Вот девятнадцатый год: этот год был одним из самых ужасных в смысле большевицких злодеяний. Тюрьмы Чека были по всей России переполнены, – хватали кого попало, во всех подозревая контрреволюционеров, каждую ночь выгоняли из тюрем мужчин, женщин, юношей на темные улицы, стаскивали с них обувь, платья, кольца, кресты, делили меж собою. Гнали разутых, раздетых по ледяной земле, под зимним ветром, за город, на пустыри, освещали ручным фонарем… Минуту работал пулемет, потом валили, часто недобитых, в яму, кое-как заваливали землей… Кем надо было быть, чтобы бряцать об этом на лире, превращать это в литературу, литературно-мистически закатывать по этому поводу под лоб очи?
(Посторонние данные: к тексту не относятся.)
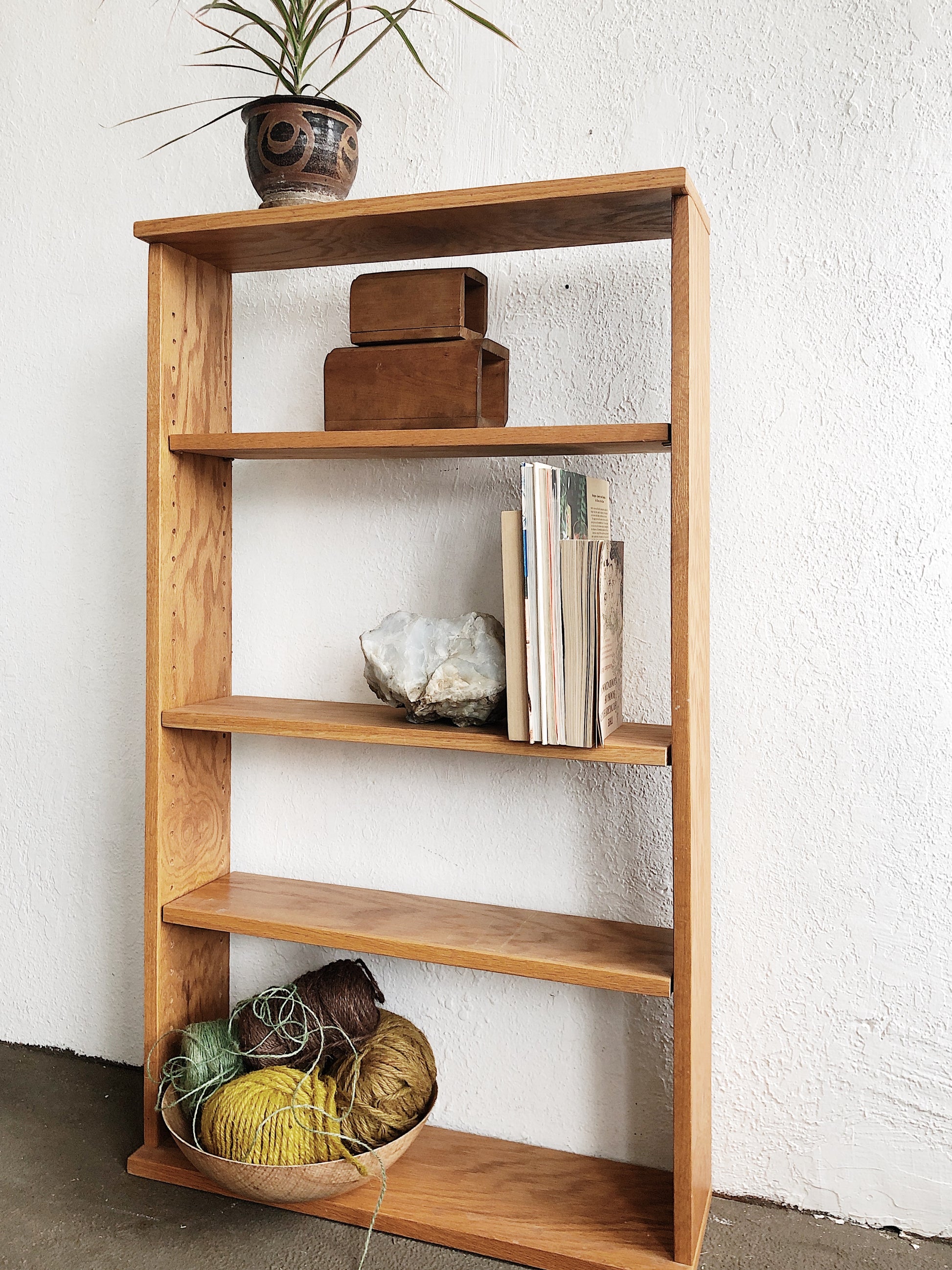 Nice vintage oak simple shelf with six adjustable shelves. Can be used on the floor or hang with brackets you provide. Top and bottom detail. In excellent condition.

А ведь Волошин бряцал:
Носят ведрами спелые гроздья,
Валят ягоды в глубокий ров…
Ах, не гроздья носят, юношей гонят
К черному точилу, давят вино!
Чего стоит одно это томное «ах!»
Но он заливался еще слаще:
Вейте, вейте, снежные стихии,
Заметайте древние гроба!
То есть: канун вам да ладан, милые юноши, гонимые «к черному точилу»! По человечеству жаль вас, конечно, но что ж поделаешь, ведь убийцы чекисты суть «снежные, древние стихии»:
Верю в правоту верховных сил,
Расковавших древние стихии,
И из недр обугленной России
Говорю: «Ты прав, что так судил!»
Надо до алмазного закала
Прокалить всю толщу бытия,
Если же, дров в плавильне мало, —
Господи, вот плоть моя!
Страшней всего то, что это было не чудовище, а толстый и кудрявый эстет, любезный и неутомимый говорун и большой любитель покушать. Почти каждый день, бывая у меня в Одессе весной девятнадцатого года, когда «черное точило», – или, не столь кудряво говоря, Чека на Екатерининской площади, – весьма усердно «прокаляла толщу бытия», он часто читал мне стихи насчет то «снежной», то «обугленной» России, а тотчас после того свои переводы из Анри де Ренье, потом опять пускался в оживленное антропософическое красноречие. И тогда я тотчас говорил ему:
– Максимилиан Александрович, оставьте все это для кого-нибудь другого. Давайте лучше закусим: у меня есть сало и спирт.
И нужно было видеть, как мгновенно обрывалось его красноречие и с каким аппетитом уписывал он, несчастный, голодный, сало, совсем забывши о своей пылкой готовности отдать свою плоть Господу в случае необходимости.